- Theatrical release poster
- Directed by: Eric Bross
- Written by: Tom Cudworth
- Produced by: Stephen Israel
- Starring: David Corenswet; Thora Birch; David James Elliott; Grace Victoria Cox; Mimi Rogers; Adrian Grenier;
- Cinematography: Horacio Marquínez
- Edited by: Yaniv Dabach
- Music by: Jonathan Shanes; Justin Bell;
- Production companies: Grindstone Entertainment Group; American Film Productions; 13 Films; School Pictures; Cubb Films; 44 Productions; Head Gear Films; Metrol Technology;
- Distributed by: Lionsgate
- Release date: June 15, 2018 (United States);
- Running time: 97 minutes
- Country: United States
- Language: English

= Affairs of State (film) =

2018 film directed by Eric Bross

Affairs of State is a 2018 American political thriller film directed by Eric Bross and starring David Corenswet (in his film debut), Thora Birch, David James Elliott, Grace Victoria Cox, Mimi Rogers, and Adrian Grenier. It was released in select theaters and via video on demand on June 15, 2018, by Lionsgate.

==Synopsis==
A young congressional aide, Michael Lawson (David Corenswet), unwillingly has an affair with the wife (Mimi Rogers) of his boss, Senator John Baines (David James Elliott).
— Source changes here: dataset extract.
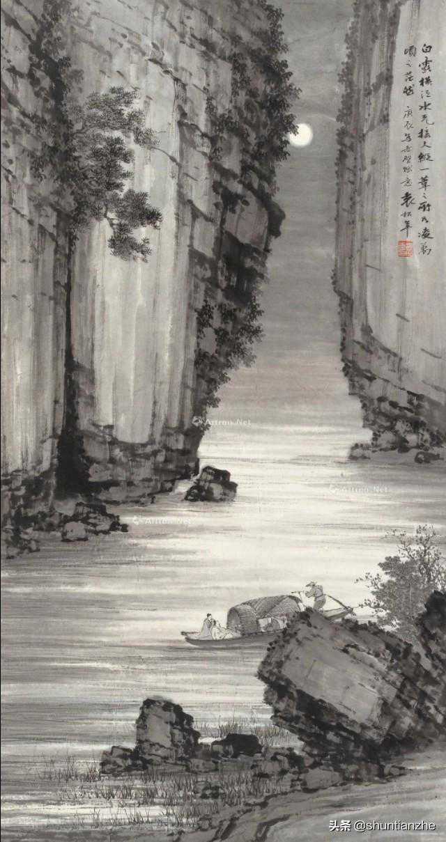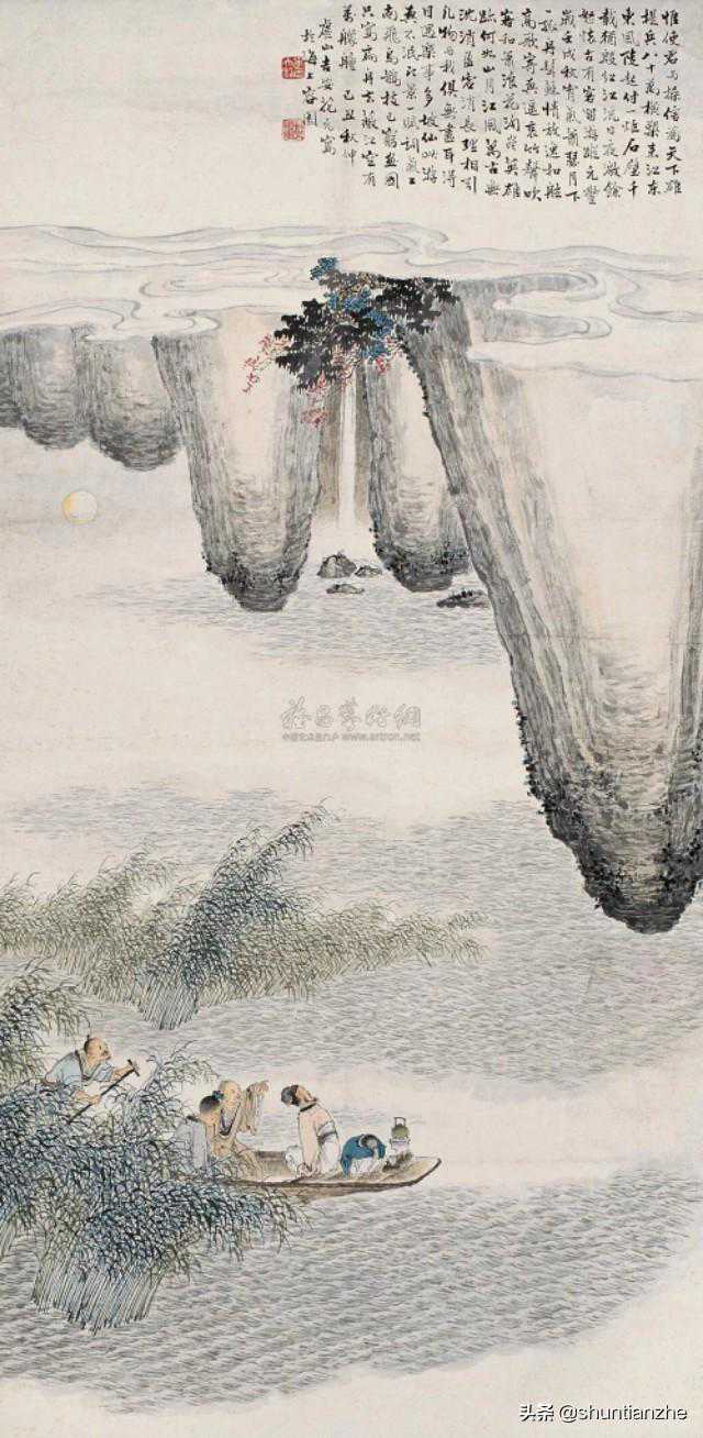 陈少梅己卯(1939)年作赤壁夜游图立轴

Meanwhile, Baines' ruthless top aide (Adrien Grenier) is in his way. Lawson then unexpectedly falls for the Senator's daughter (Grace Victoria Cox) and must go tête à tête with his leftist activist roommate, Callie (Thora Birch).

==Critical response==
Noel Murray of the Los Angeles Times stated, "an engaging if ungainly hybrid of The Graduate and House of Cards, the political potboiler Affairs of State benefits greatly from being both timely and, for this day and age, uncommon. In an era when so many indies are either genre exercises or quirky dramedies, a well-acted, ripped-from-the-headlines melodrama is a novelty."

Conversely, Derek Smith of Slant Magazine offered in summation, "as Affairs of States primary interests lie almost exclusively between the sheets, the intermittent jabs taken at establishment politics feel like disingenuous, cheap shots intended to give the film a sense of depth and gravity that it doesn't earn."